▸ **What is expected**:
What you write must match, character for character, the lines from the one with "I have a 6.5" down to the one with "Chcete si len" in the listing below, minus its pictures.

▸ **Data for review**:

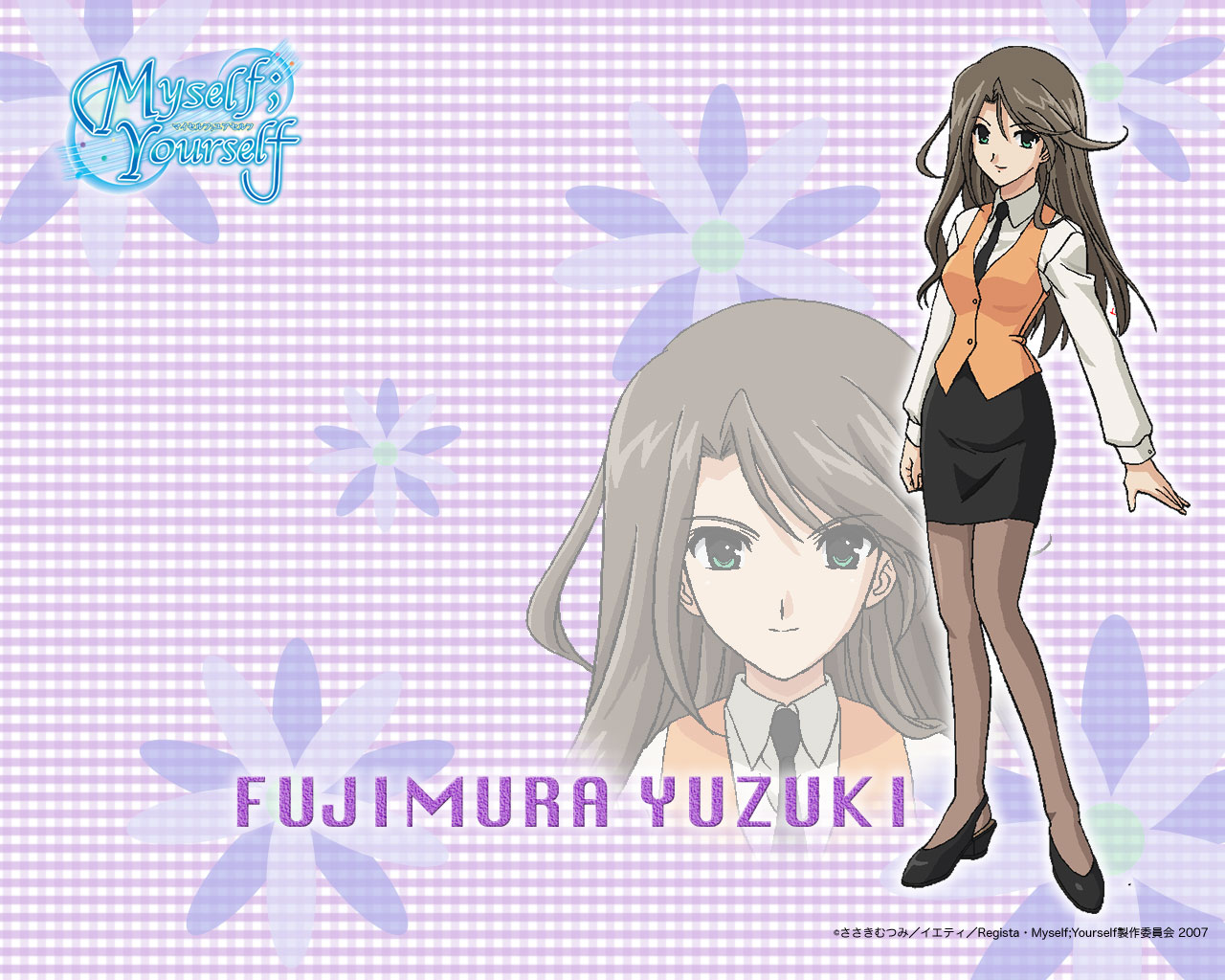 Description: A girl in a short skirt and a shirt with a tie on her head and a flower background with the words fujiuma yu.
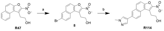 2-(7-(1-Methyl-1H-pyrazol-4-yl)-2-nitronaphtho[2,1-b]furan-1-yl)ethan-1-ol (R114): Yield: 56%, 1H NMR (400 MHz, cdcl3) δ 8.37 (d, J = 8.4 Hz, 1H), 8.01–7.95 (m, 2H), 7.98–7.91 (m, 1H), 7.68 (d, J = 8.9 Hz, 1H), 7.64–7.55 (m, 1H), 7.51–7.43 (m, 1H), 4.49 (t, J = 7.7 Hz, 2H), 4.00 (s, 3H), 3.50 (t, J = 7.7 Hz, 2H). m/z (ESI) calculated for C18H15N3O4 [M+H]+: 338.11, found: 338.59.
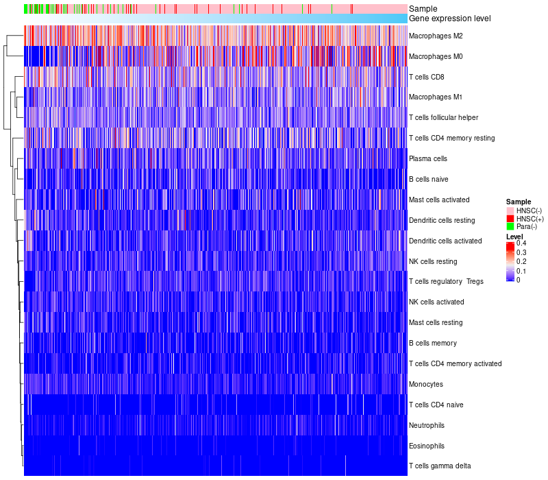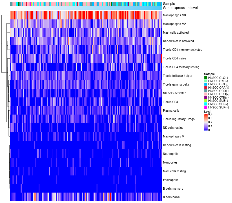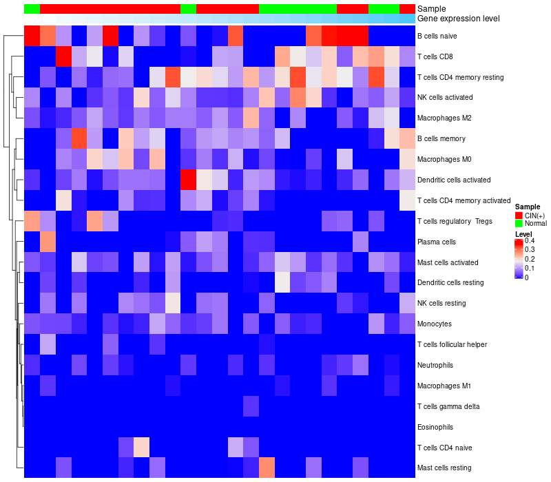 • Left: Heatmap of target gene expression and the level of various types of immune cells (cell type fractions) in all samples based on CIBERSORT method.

...

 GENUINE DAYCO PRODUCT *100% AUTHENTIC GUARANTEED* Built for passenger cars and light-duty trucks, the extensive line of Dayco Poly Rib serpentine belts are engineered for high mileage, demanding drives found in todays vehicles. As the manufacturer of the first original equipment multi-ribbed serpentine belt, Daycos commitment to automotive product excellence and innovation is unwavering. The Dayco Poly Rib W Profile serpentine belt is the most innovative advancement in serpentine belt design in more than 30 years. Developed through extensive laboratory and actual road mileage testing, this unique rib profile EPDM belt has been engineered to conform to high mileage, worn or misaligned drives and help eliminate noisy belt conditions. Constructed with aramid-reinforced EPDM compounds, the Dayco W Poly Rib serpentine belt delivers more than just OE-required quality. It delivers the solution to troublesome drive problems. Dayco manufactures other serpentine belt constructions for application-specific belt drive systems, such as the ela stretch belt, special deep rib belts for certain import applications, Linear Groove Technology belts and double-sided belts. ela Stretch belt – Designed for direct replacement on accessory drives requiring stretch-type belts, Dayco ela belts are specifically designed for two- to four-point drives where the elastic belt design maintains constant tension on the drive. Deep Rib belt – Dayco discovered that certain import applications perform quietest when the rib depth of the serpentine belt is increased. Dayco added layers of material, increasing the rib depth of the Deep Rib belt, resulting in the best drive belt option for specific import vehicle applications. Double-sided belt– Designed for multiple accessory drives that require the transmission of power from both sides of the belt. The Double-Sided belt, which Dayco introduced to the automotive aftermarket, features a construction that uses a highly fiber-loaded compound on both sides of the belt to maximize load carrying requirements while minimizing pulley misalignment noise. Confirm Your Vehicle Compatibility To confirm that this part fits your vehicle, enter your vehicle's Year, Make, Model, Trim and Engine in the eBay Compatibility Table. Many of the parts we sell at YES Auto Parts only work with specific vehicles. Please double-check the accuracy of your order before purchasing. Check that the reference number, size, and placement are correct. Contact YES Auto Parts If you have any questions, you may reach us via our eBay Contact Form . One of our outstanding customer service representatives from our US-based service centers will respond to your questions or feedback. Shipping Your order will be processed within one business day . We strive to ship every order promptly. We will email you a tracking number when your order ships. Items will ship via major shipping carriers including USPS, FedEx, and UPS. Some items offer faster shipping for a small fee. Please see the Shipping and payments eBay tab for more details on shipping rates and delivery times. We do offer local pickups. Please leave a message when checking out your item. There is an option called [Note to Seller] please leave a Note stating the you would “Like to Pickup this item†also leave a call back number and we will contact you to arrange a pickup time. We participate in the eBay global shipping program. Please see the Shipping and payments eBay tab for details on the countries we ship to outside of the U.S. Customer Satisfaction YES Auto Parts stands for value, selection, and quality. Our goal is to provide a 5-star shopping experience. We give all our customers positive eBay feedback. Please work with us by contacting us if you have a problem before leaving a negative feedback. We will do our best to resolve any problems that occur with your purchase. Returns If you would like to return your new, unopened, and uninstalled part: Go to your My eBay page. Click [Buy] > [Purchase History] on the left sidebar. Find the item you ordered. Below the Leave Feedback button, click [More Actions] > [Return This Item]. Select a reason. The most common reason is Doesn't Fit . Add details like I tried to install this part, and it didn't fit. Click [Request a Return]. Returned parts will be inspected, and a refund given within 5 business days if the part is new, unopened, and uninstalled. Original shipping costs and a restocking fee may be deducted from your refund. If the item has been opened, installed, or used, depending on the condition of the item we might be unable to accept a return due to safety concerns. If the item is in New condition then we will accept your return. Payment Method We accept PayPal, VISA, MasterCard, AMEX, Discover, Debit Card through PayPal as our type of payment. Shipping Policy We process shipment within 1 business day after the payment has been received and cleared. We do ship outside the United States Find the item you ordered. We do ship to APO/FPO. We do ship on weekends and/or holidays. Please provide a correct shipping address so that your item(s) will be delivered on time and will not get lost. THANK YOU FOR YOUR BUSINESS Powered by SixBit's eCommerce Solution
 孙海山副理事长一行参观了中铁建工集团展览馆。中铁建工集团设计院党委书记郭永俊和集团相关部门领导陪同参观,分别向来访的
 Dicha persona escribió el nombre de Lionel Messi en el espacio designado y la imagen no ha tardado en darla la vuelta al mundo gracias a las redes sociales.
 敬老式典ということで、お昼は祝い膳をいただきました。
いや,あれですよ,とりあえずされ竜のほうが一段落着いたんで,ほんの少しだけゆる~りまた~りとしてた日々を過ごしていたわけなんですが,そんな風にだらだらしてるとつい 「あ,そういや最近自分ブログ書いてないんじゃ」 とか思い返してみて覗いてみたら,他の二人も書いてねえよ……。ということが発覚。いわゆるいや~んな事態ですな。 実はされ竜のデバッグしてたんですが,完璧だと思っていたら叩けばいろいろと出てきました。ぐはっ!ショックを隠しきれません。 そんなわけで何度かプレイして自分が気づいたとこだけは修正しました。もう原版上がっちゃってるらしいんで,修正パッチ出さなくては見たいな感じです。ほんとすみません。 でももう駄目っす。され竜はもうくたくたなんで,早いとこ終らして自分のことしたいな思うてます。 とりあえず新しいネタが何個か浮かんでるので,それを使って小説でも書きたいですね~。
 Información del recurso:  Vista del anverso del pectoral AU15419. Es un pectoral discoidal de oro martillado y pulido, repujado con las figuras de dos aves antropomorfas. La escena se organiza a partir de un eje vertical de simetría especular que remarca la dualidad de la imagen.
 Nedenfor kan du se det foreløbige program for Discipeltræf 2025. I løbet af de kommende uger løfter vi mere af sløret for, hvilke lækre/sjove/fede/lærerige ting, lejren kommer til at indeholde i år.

* * *

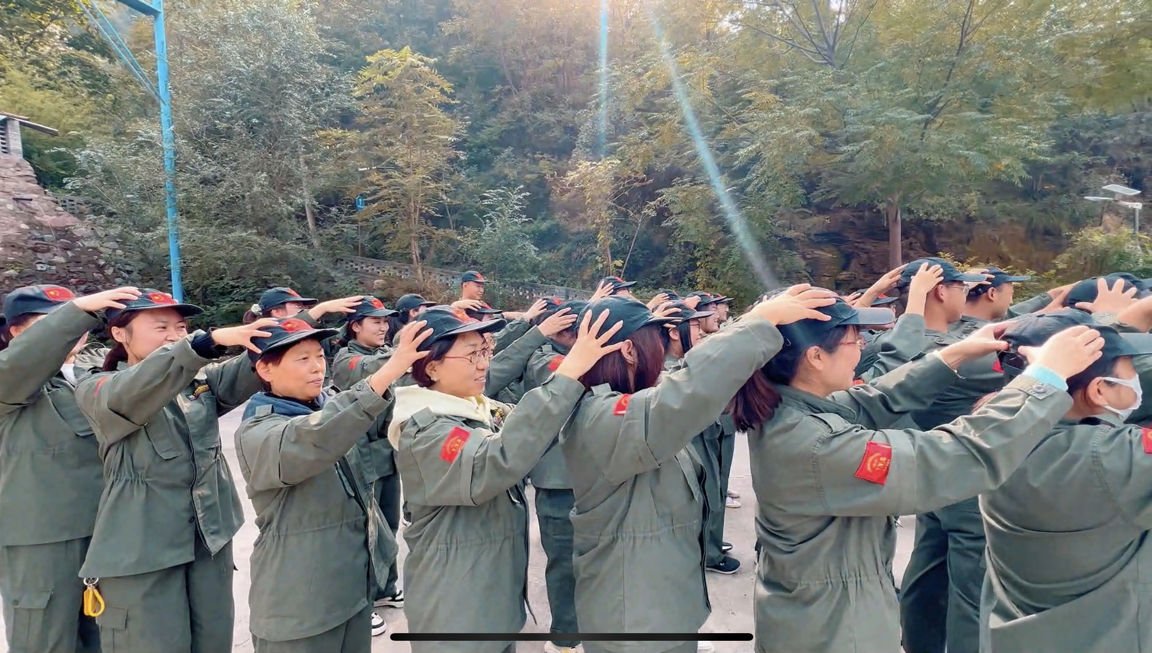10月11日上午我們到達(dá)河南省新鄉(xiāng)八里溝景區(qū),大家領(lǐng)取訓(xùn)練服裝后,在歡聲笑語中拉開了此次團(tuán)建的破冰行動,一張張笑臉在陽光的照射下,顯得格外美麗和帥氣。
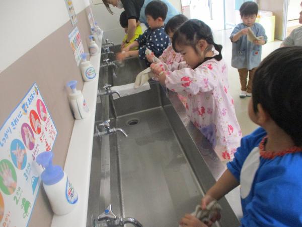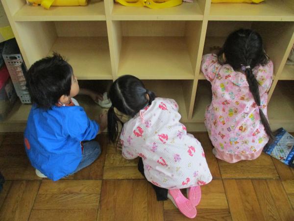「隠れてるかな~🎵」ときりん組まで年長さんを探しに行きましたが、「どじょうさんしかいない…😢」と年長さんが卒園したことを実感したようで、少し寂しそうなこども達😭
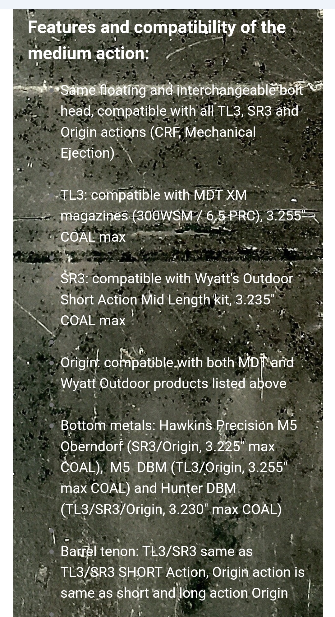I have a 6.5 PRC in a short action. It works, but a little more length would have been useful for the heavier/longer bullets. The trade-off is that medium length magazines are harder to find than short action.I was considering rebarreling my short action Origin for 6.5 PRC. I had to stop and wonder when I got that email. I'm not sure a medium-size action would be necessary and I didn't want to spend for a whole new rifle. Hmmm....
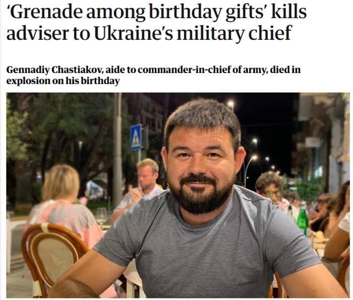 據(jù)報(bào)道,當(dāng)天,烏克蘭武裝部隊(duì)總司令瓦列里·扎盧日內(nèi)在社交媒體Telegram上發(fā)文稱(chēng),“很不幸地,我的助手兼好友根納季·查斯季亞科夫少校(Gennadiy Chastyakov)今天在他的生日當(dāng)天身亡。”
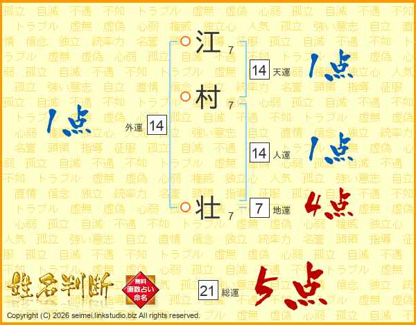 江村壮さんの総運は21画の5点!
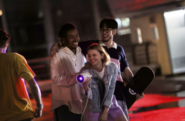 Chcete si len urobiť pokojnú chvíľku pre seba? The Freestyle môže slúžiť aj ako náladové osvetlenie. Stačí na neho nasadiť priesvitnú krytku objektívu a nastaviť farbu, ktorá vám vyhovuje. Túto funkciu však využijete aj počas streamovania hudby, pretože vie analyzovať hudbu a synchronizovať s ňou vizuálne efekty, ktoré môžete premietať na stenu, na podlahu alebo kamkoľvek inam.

▸ **Answer space**:
I have a 6.5 PRC in a short action. It works, but a little more length would have been useful for the heavier/longer bullets. The trade-off is that medium length magazines are harder to find than short action.I was considering rebarreling my short action Origin for 6.5 PRC. I had to stop and wonder when I got that email. I'm not sure a medium-size action would be necessary and I didn't want to spend for a whole new rifle. Hmmm....
 據(jù)報(bào)道,當(dāng)天,烏克蘭武裝部隊(duì)總司令瓦列里·扎盧日內(nèi)在社交媒體Telegram上發(fā)文稱(chēng),“很不幸地,我的助手兼好友根納季·查斯季亞科夫少校(Gennadiy Chastyakov)今天在他的生日當(dāng)天身亡。”
 江村壮さんの総運は21画の5点!
 Chcete si len urobiť pokojnú chvíľku pre seba? The Freestyle môže slúžiť aj ako náladové osvetlenie. Stačí na neho nasadiť priesvitnú krytku objektívu a nastaviť farbu, ktorá vám vyhovuje. Túto funkciu však využijete aj počas streamovania hudby, pretože vie analyzovať hudbu a synchronizovať s ňou vizuálne efekty, ktoré môžete premietať na stenu, na podlahu alebo kamkoľvek inam.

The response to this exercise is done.